A better estimate might be to use the moment of inertia of a $n=3/2$ (fully convective) polytrope, which will be a good approximation in an object like Jupiter, even when it approaches electron degeneracy in its interior.
You can look this up and it is given by $I = kMR^2$, with $k=0.205$ (almost exactly a factor of two smaller than a uniform sphere because the mass is concentrated towards the centre).
If we use a mass $M$ of $1.898 \times 10^{27}$ kg, the equatorial radius of Jupiter ($R=71500$ km) and the rotation rate determined from its magnetosphere ($P= 9.93$ hours), then the angular momentum ($2\pi I/P$) is $3.496 \times 10^{38}$ kg m$^2$ s$^{-1}$.
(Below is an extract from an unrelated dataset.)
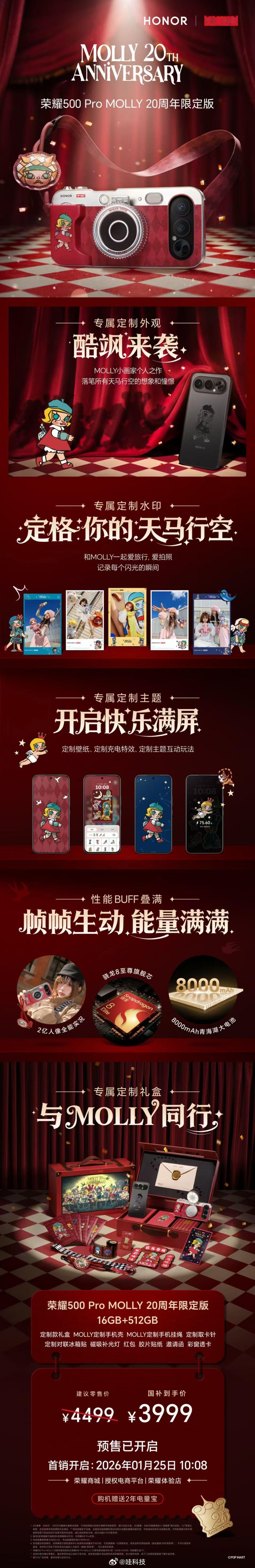 荣耀发布会 荣耀Magic8 Pro Air直接把轻薄做到极致,155g重量+6.1mm厚度,6.31英寸机身握在手里超舒服,轻橙、仙紫等四色颜值在线。关键是轻薄没阉割影像,5000万大底主摄+6400万潜望长焦+5000万超广角三摄,天玑9500加持,IP68/69防水、双扬、四卡双待全配齐,5500mAh电池+80W快充,续航也不虚。保时捷设计款更绝,陶瓷机身质感拉满,2亿像素长焦+专业影像套装+2.35倍增距镜,摄影党直接冲。还有北斗+天通双卫星通信,户外安全感拉满。价格才是惊喜:Magic8 Pro Air国补后4499元起,MOLLY限定版3999元拿下16+512GB,保时捷设计款7999元。这个配置和价格,你们觉得怎么样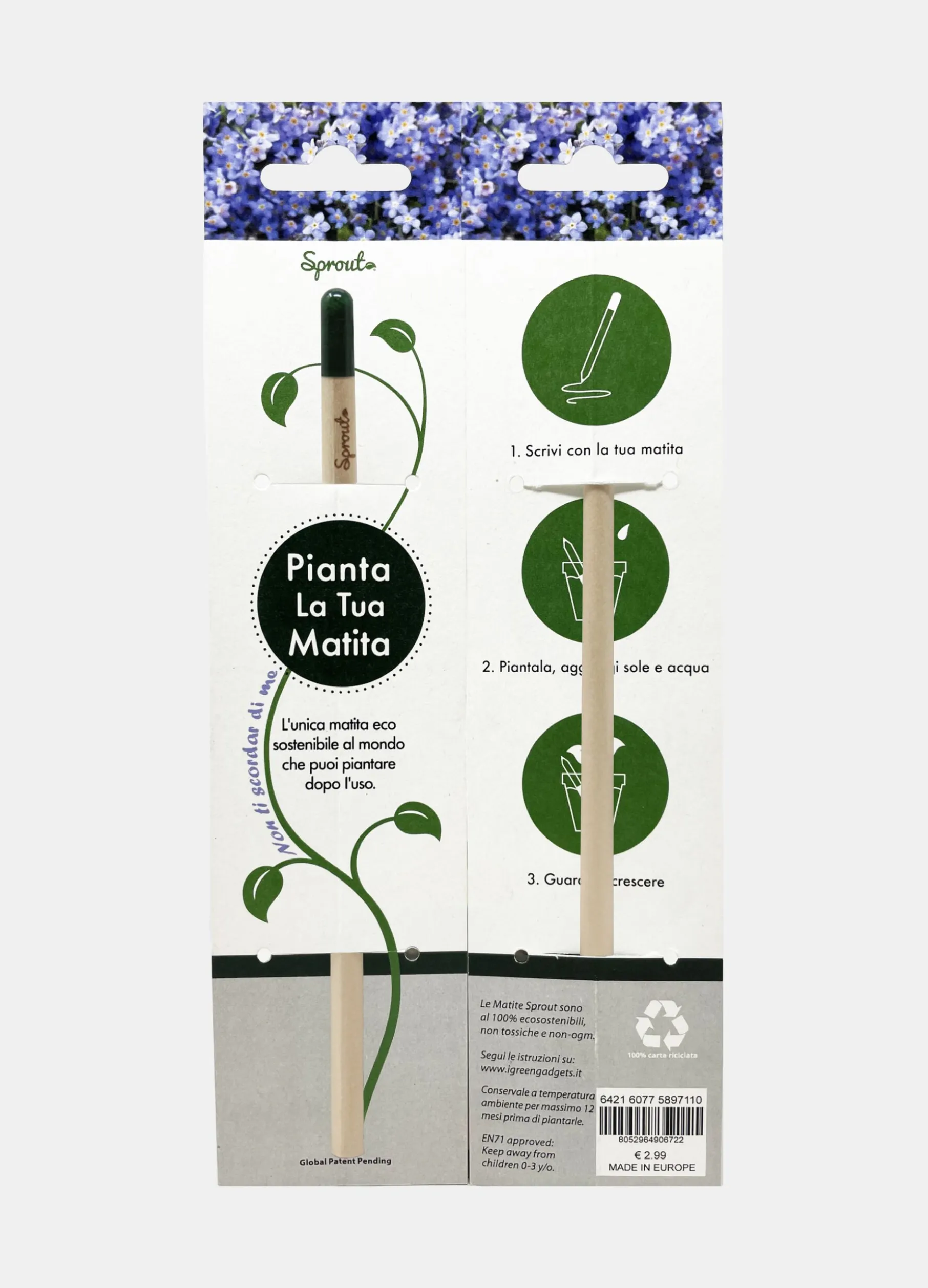 Matita ecosostenibile con semi di Non ti scordar di me. Dimensioni 20x1x6 cm. Made in Italy.

If instead, we use the volumetric average radius of $R=69900$ km, this reduces to $3.34\times 10^{38}$ kg m$^2$ s$^{-1}$.
This simple approach neglects the more complicated equation of state of Jupiter, it's non-sphericity and the probable presence of a solid core. Consideration of these, together with constraints provided by the measured even harmonics of the gravitational field (referred to as $J_2$ and $J_4$, led Helled et al. (2011) to suggest that $k=0.264$, with an uncertainty below 1%. Combined with the average radius, this gives $4.30\times 10^{38}$ kg m$^2$ s$^{-1}$.
More recent work by Ni (2018) has used refinements to the gravitational harmonics from Juno measurements, along with a more sophisticated interior model to suggest $k=0.274$ with 0.5% uncertainty.